Before screening the ligands using molecular docking, the docking protocol was validated by re-docking the X77 into its binding pocket within the Mpro crystal structure to obtain the correct coordinates and docked pose. The result showed that the docked X77 was completely superimposed with crystallized X77 (Figure 5(a)). Thus, this protocol was considered good enough for reproducing the docking results similar to the X-ray crystal structure and can be applied for further docking experiments.

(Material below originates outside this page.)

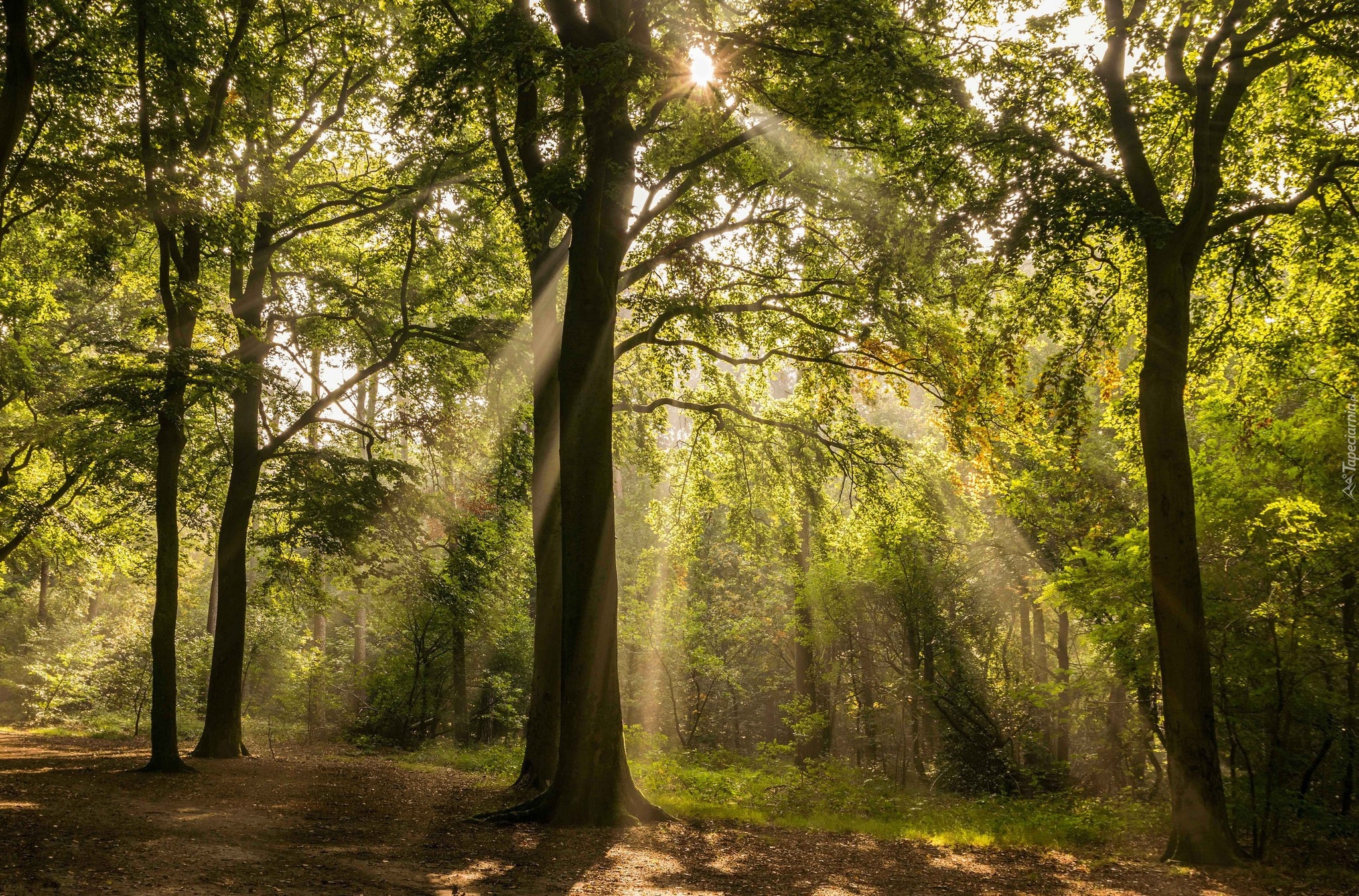 Edytor tapety: Wpadające do lasu promienie słoneczne

All compounds (n = 500), screened by the deep learning model were docked in the active site of Mpro by using AutoDock Vina for predicting the best possible binding pose of ligands and lower binding energy. From molecular docking, a total of 39 compounds were selected which showed binding energy ranging from −11.8 to −8.2 kcal mol−1. The binding energy of X77 was −8.2 kcal mol−1 (Table 2). All 39 compounds showed lower binding energy in comparison with X77. Among the screened compounds, 7-Epitaxol (S9265) showed the lowest binding energy i.e. −11.8 kcal mol−1 followed by Rifapentine (S1760) which had the binding energy of −10.5 kcal mol−1 and Indacaterol (S5654) that showed the highest binding energy i.e. −8.2 kcal mol−1 which was comparable to the reference molecule. The results show that screened compounds may have the same mechanism of action as the reference molecules. Then, all these 39 compounds and the X77 were further used for Drug-likeness prediction.

Table 2.

Summary of Molecular docking results between Mro and screened hits.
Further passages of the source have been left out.